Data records

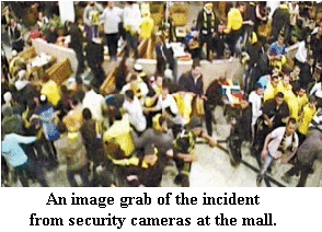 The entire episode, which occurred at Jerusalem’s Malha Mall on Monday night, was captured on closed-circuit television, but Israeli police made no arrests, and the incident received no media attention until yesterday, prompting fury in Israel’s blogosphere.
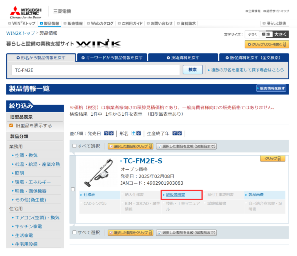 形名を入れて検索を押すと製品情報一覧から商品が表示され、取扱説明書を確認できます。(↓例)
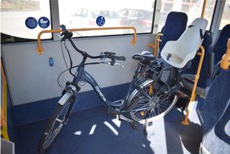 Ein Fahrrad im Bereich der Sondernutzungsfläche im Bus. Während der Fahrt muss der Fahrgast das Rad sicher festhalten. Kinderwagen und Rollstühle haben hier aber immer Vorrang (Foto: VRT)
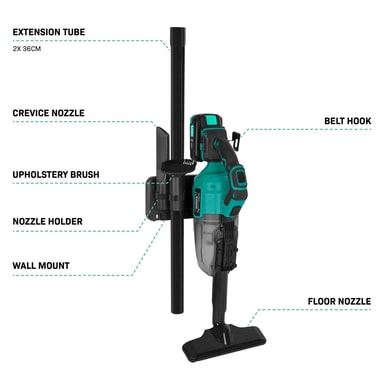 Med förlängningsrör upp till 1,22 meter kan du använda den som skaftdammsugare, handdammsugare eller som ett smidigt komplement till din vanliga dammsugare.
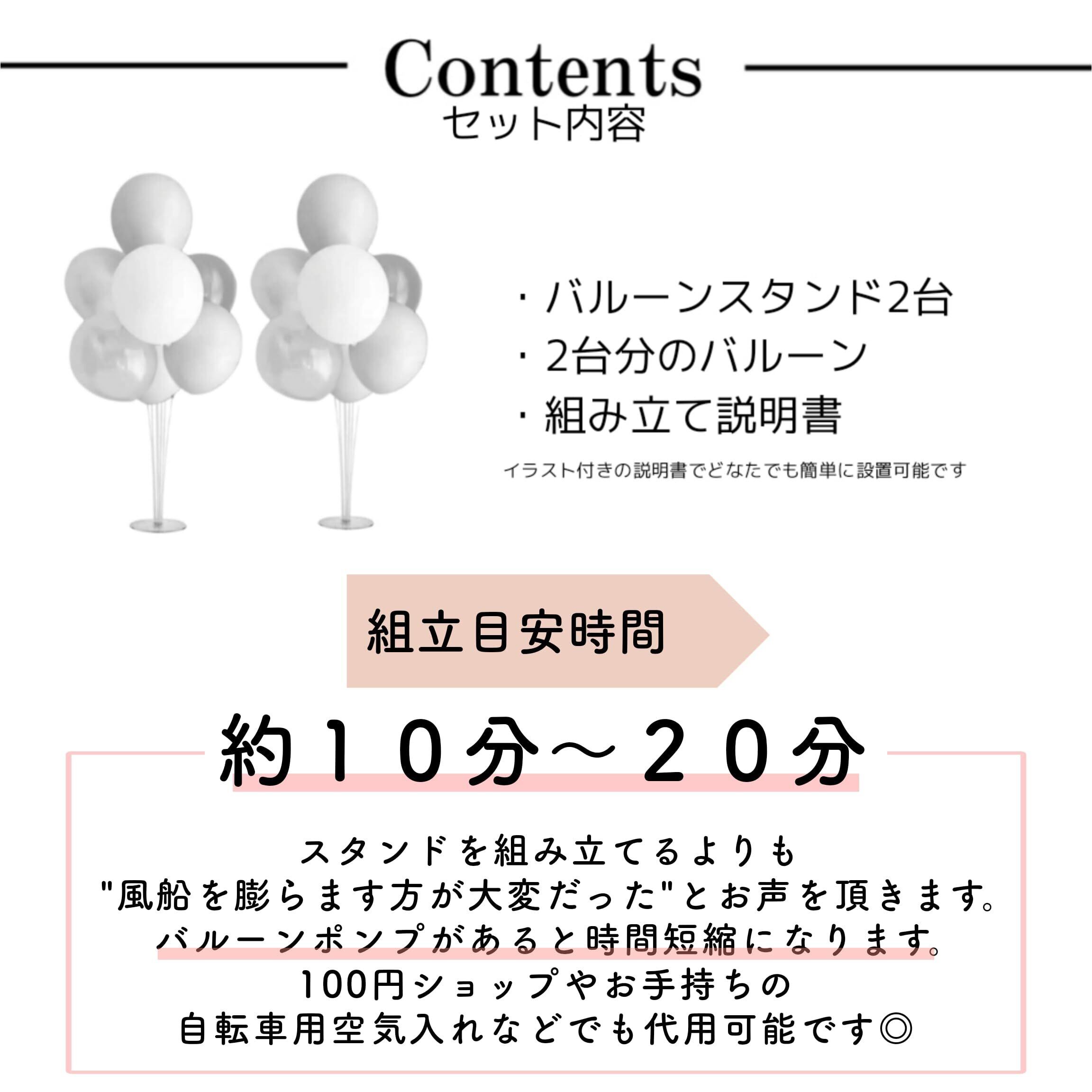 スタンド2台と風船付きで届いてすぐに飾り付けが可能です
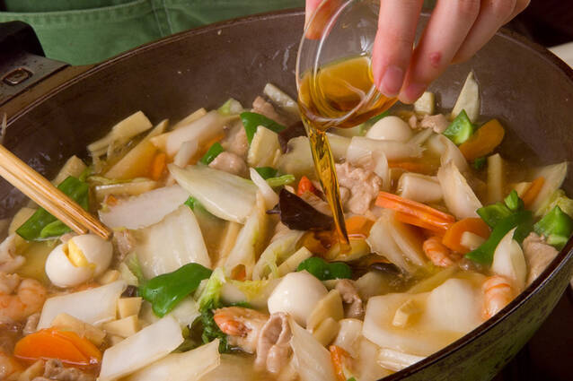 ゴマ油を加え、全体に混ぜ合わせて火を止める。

§ Exercise aim: Repeat the lines above exactly, and keep every picture out.

§ Task result:
 The entire episode, which occurred at Jerusalem’s Malha Mall on Monday night, was captured on closed-circuit television, but Israeli police made no arrests, and the incident received no media attention until yesterday, prompting fury in Israel’s blogosphere.
 形名を入れて検索を押すと製品情報一覧から商品が表示され、取扱説明書を確認できます。(↓例)
 Ein Fahrrad im Bereich der Sondernutzungsfläche im Bus. Während der Fahrt muss der Fahrgast das Rad sicher festhalten. Kinderwagen und Rollstühle haben hier aber immer Vorrang (Foto: VRT)
 Med förlängningsrör upp till 1,22 meter kan du använda den som skaftdammsugare, handdammsugare eller som ett smidigt komplement till din vanliga dammsugare.
 スタンド2台と風船付きで届いてすぐに飾り付けが可能です
 ゴマ油を加え、全体に混ぜ合わせて火を止める。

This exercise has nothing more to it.